I ran the script for N=1000 and these are the results (in seconds, for one million runs):

``````d0: 205.35457
d1: 208.13006
d2: 230.07463
d3: 155.29670
``````

I guess it is safe to assume that, indeed, option three is the fastest and option two the slowest (of the four presented).

1
12
5/23/2017 10:31:18 AM

Just for fun I wrote a "d4" which uses numpy:

``````from numpy import dot
def d4(v1, v2):
check(v1, v2)
return dot(v1, v2)
``````

My results (Python 2.5.1, XP Pro sp3, 2GHz Core2 Duo T7200):

``````d0 elapsed:  12.1977242918
d1 elapsed:  13.885232341
d2 elapsed:  13.7929552499
d3 elapsed:  11.0952246724
``````

d4 elapsed: 56.3278584289 # go numpy!

And, for even more fun, I turned on psyco:

``````d0 elapsed:  0.965477735299
d1 elapsed:  12.5354792299
d2 elapsed:  12.9748163524
d3 elapsed:  9.78255448667
``````

d4 elapsed: 54.4599059378

Based on that, I declare d0 the winner :)

Update

@kaiser.se: I probably should have mentioned that I did convert everything to numpy arrays first:

``````from numpy import array
v3 = [array(vec) for vec in v1]
v4 = [array(vec) for vec in v2]

# then
t4 = timeit.Timer("d4(v3,v4)","from dot_product import d4,v3,v4")
``````

And I included `check(v1, v2)` since it's included in the other tests. Leaving it off would give numpy an unfair advantage (though it looks like it could use one). The array conversion shaved off about a second (much less than I thought it would).

All of my tests were run with N=50.

@nikow: I'm using numpy 1.0.4, which is undoubtedly old, it's certainly possible that they've improved performance over the last year and a half since I've installed it.

Update #2

@kaiser.se Wow, you are totally right.
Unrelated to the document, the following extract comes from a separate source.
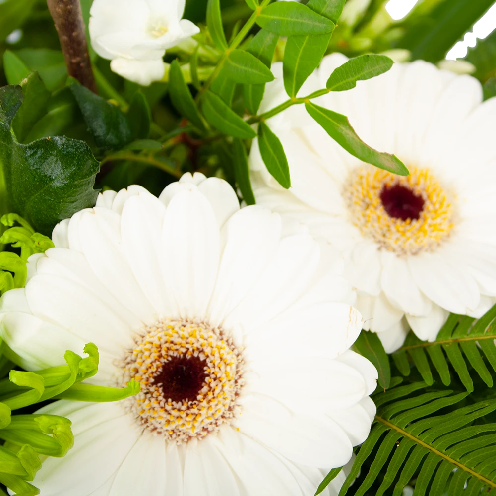 Met Boeket Liefdevolle Winter haal je een prachitg wit bladboeket in huis! Geniet van de mooiste witte bloemen. Altijd vers van de kweker! Verwen jezelf of verras iemand anders met een prachtig boeket. *Exclusief accessoires en vaas.

I must have been thinking that these were lists of lists or something (I really have no idea what I was thinking ... +1 for pair programming).

How does this look:

``````v3 = array(v1)
v4 = array(v2)
``````

New results:

``````d4 elapsed:  3.22535741274
``````

With Psyco:

``````d4 elapsed:  2.09182619579
``````

d0 still wins with Psyco, but numpy is probably better overall, especially with larger data sets.
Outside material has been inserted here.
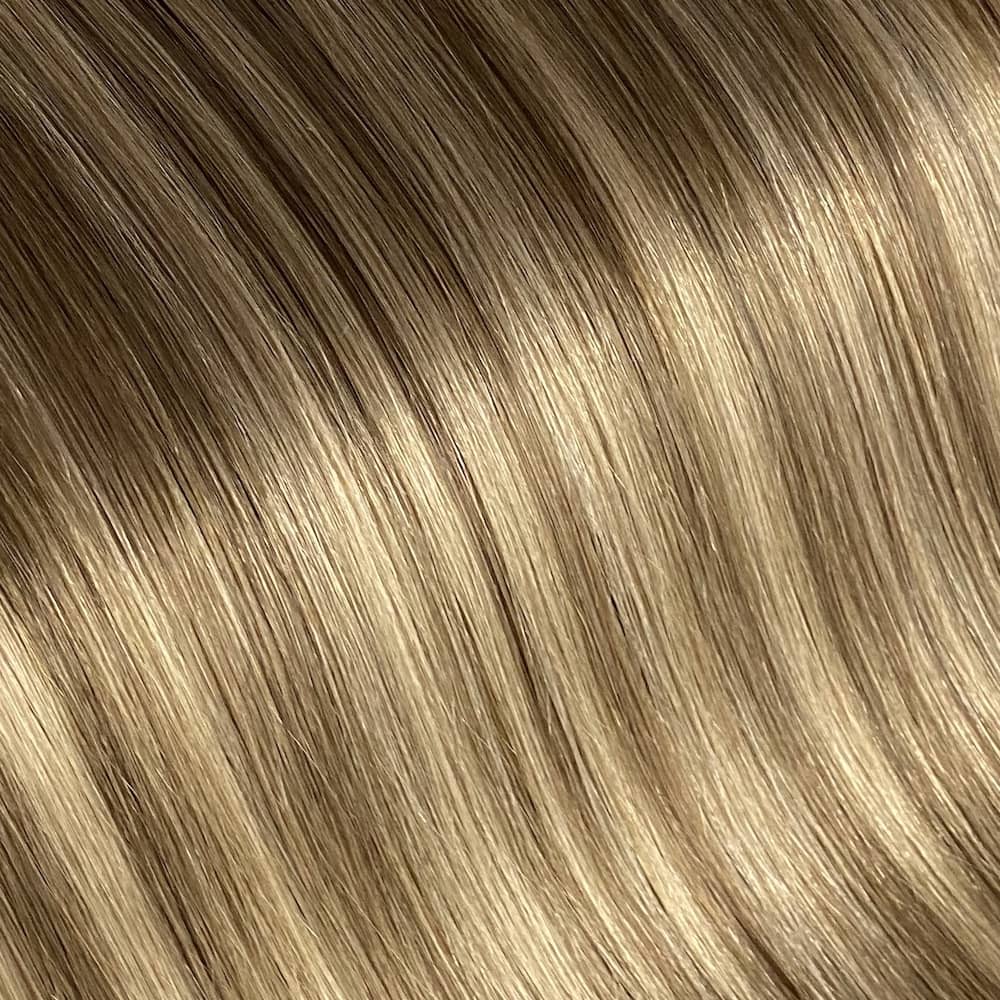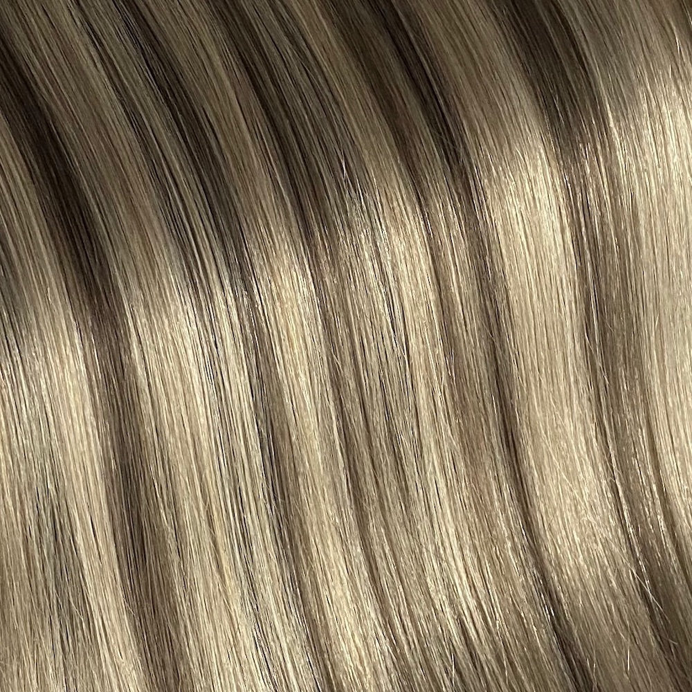Caramel features a root balayage, blending warm and cool tones on a dark blonde base for a multidimensional effect.

Yesterday I was a bit bothered my slow numpy result, since presumably numpy is used for a lot of computation and has had a lot of optimization. Obviously though, not bothered enough to check my result :)

9
12/2/2009 8:07:58 PM

Here is a comparison with numpy. We compare the fast starmap approach with `numpy.dot`

First, iteration over normal Python lists:

``````\$ python -mtimeit "import numpy as np; r = range(100)" "np.dot(r,r)"
10 loops, best of 3: 316 usec per loop

\$ python -mtimeit "import operator; r = range(100); from itertools import izip, starmap" "sum(starmap(operator.mul, izip(r,r)))"
10000 loops, best of 3: 81.5 usec per loop
``````

Then numpy ndarray:

``````\$ python -mtimeit "import numpy as np; r = np.arange(100)" "np.dot(r,r)"
10 loops, best of 3: 20.2 usec per loop

\$ python -mtimeit "import operator; import numpy as np; r = np.arange(100); from itertools import izip, starmap;" "sum(starmap(operator.mul, izip(r,r)))"
10 loops, best of 3: 405 usec per loop
``````

Seeing this, it seems numpy on numpy arrays is fastest, followed by python functional constructs working with lists.